Vocoder was a fun side project to work on, but unfortunately the STT model is not super accurate, especially without a top notch microphone. Moreover, the grammar system was tightly integrated with the specific STT model, such that it is difficult to plug in different models.
Voice
So, that was Vocoder. As mentioned earlier, I experimented a few months ago with writing a new dictation tool from scratch using PureScript, which I have named "Voice," the source code for which is now available on GitHub. As a side project, I didn't make Voice to explore any particular idea about voice input in the way that I did with Vocoder. I was aiming to make a simple dictation tool that I could package for the main, modern Linux software package repositories like Snap and Flatpak. Moreover, I wanted to see how easy it would be to use a purely functional programming language like PureScript, together with modern open source STT libraries and models, to make something that works at a basic level.
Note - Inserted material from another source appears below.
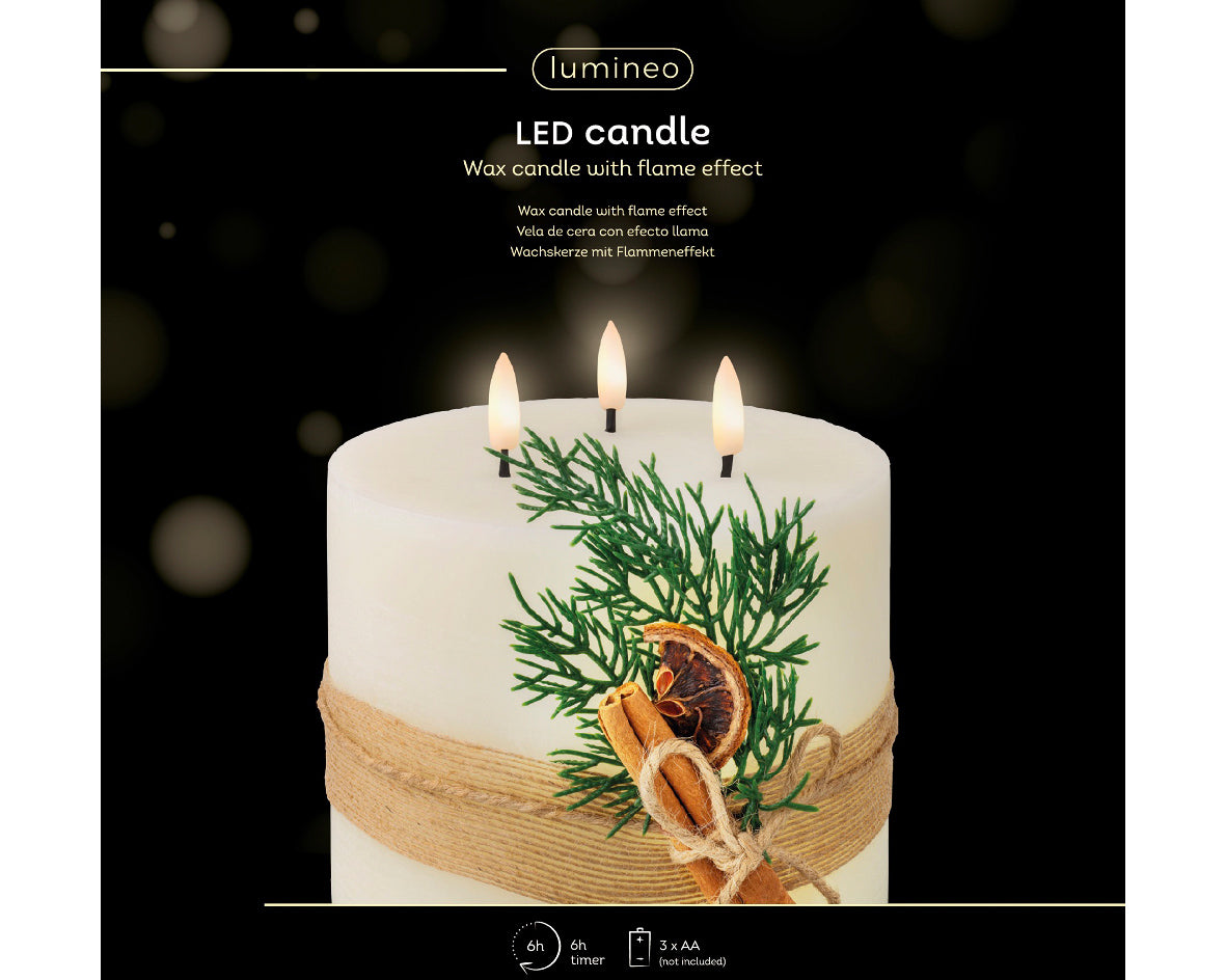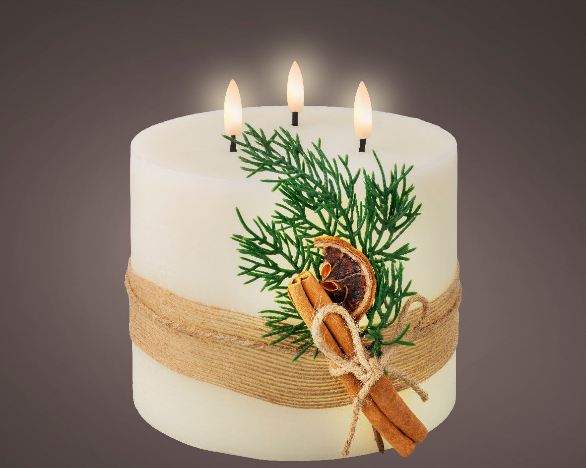Dekoracyjna świeca LED z naturalnym wykończeniem rustykalnym i efektowną aplikacją liści. Wykonana z prawdziwego wosku w eleganckim kremowym kolorze, oferuje realistyczny efekt płomienia typu wick flame i ciepłe, przyjemne światło.
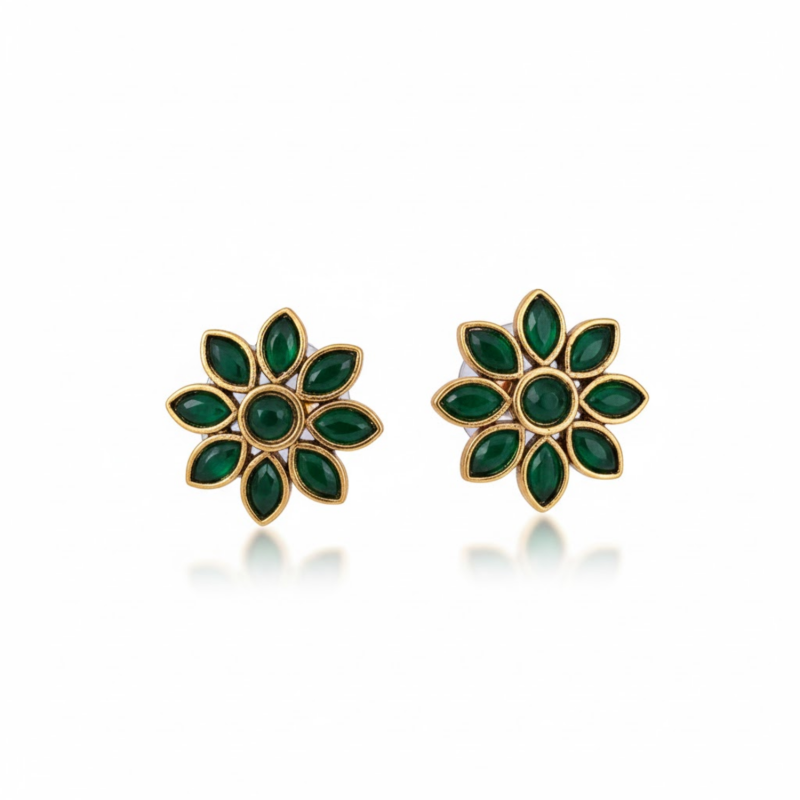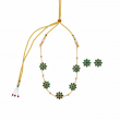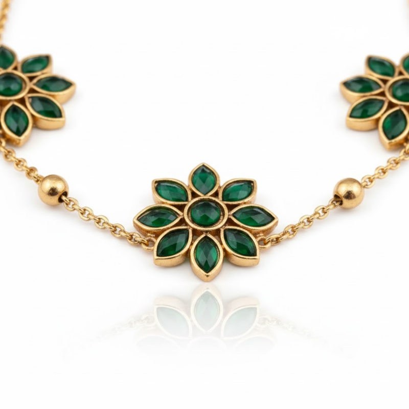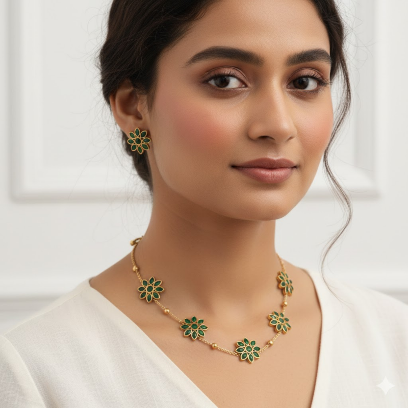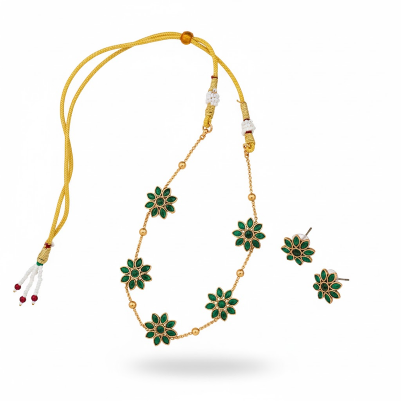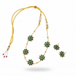 Elegant and timeless, this handcrafted Lotus Petal Necklace Set captures the beauty of traditional Indian artistry. Adorned with delicate green enamel petals, each motif reflects a sense of serenity and charm. The golden thread dori gives it an adjustable fit and an ethnic touch, making it a perfect companion for festive wear, weddings, and cultural events. Lightweight, graceful, and vibrant — this set is designed to make you bloom beautifully.

For speech recognition, I used sherpa-onnx. Sherpa-onnx uses a Node addon to run models efficiently and it uses Onnx to integrate lots of models from different research groups and make them available through a common interface. At the moment, you can use Voice with
- Parakeet V2
- Parakeet V3
- Moonshine
- Whisper tiny
- Whisper small
You can download one of these models by running something like
voice download-model -m parakeetv3
Or rather, you will be able to invoke Voice like that once it is installable via Flatpak or Snap. Until then, you will have to clone the repo, install the dependencies, and invoke it with npm run start. So the above command would in fact be
npm run start -- download-model -m parakeetv3
Still, because it looks cooler, I will continue to describe the interface as if it's available via the command "voice."
It has commands to record audio, transcribe audio, and execute commands or dictate text that you can combine using pipes. For example, the following command records audio, transcribes it, and then types what you said using xdotool to simulate keystrokes:
voice record | voice transcribe -m parakeetv3 | voice dictate
If you have a yaml file, commands.yaml, that maps phrases to system commands, you can instead execute commands when their trigger phrases are spoken:
voice record | voice transcribe -m parakeetv3 | voice execute -c commands.yaml
The program comes with moonshine as a default model, which is used if you omit a model choice like -m parakeetv3.
I'm not sure what the future of Voice is, although I do plan on finishing the packaging of it for Snap and Flatpak at some point.